Abstract • 180

The study of minimal residual disease has attracted much attention in clinical oncology for its potentials of tailoring treatment and gaining insights into the nature of cure. Several methods have been proposed to detect MDR in leukemias and have been extensively reviewed. In ALL rearrangements where Ig and TCR genes result in unique recombinations of variable (V), diversity (D), and joining segments, the junctional regions between these gene segments can be regarded as "fingerprint-like" sequences due to the deletion and random insertion of nucleotides during the rearrangement process.
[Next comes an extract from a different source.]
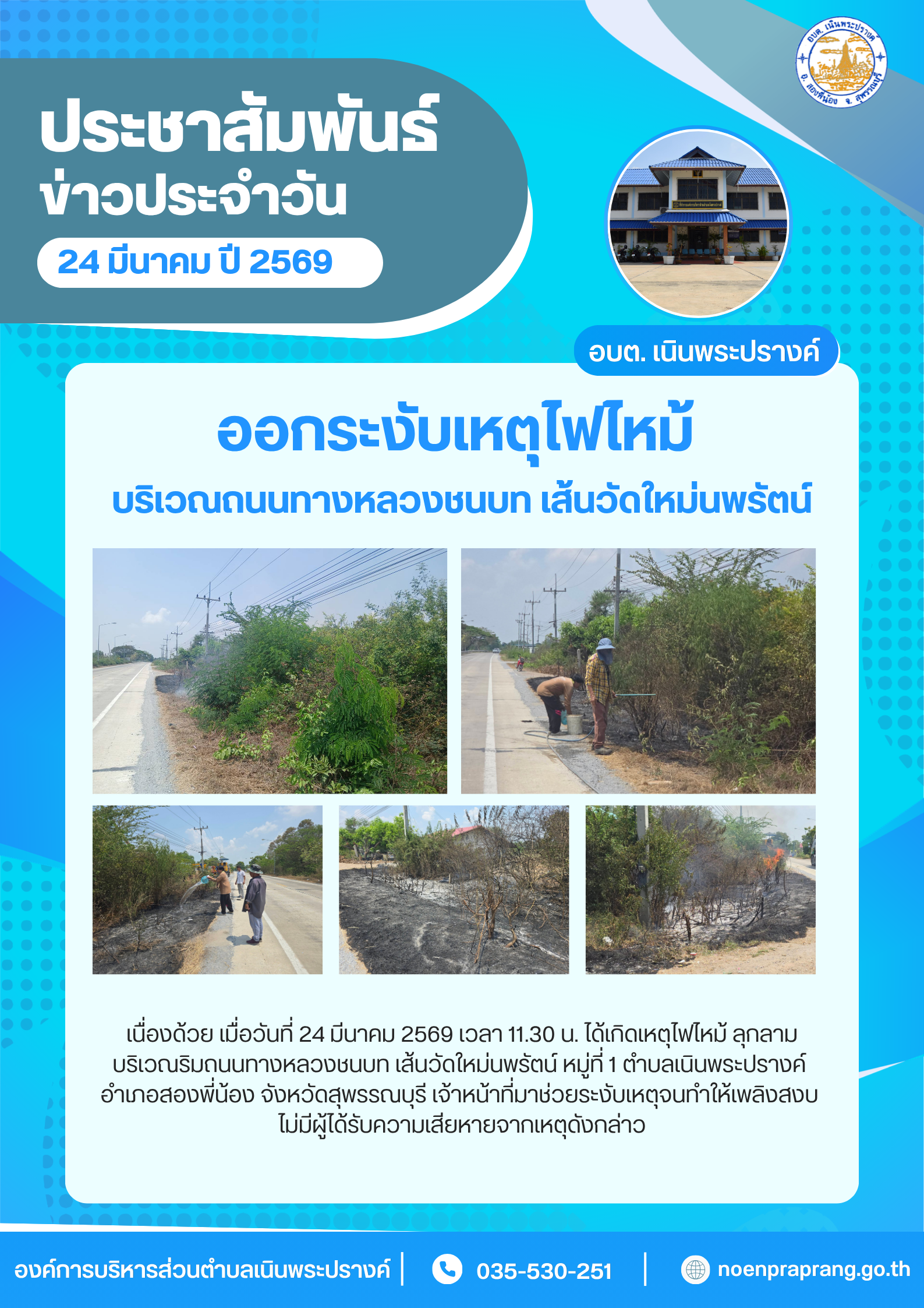 หน้าแรก » ข่าวกิจกรรม & ประชาสัมพันธ์ » ข่าวประชาสัมพันธ์ ออกระงับเหตุไฟไหม้ บริเวณถนนทางหลวงชนบท เส้นทางวัดใหม่นพรัตน์
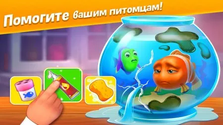 Параметр рыбок улучшается за счёт покупки разных видов рыб. Опять же, количество не ограничено и данный параметр достаточно легко повысить. После покупки новые обитатели тотчас появятся в аквариуме. Иногда вам будут даваться подсказки, что лучше всего купить для текущего аквариума. Они будут отображаться в виде «мыслей» над рыбками. Как только все три параметра будут на максимуме, откроется следующий аквариум с новыми испытаниями.

PCR-based MRD detection via clonespecific junctional regions generally reaches sensitivity of 10/-4 to 10/-5. Several retrospective studies indicated that the detection of MRD in childhood ALL has prognostic value, although the results of these studies are not fully concordant. More recently three prospective studies have demonstrated that molecular or immunological detection of MRD during the first three months gives relevant prognostic information about the in vivo effectiveness of the treatment. Although technically feasible, several questions are still open and will be discussed: 1. How to use MRD data for future clinical studies in childhood ALL? 2. Which patients could potentially benefit? 3. Do we have clinical options: i.e. intensification of treatment in patients with high risk MRD and decrease in those with very low levels? 4. Does MRD differ according to ALL phenotype? 5. Are studies feasible, cost-effective, and evaluable?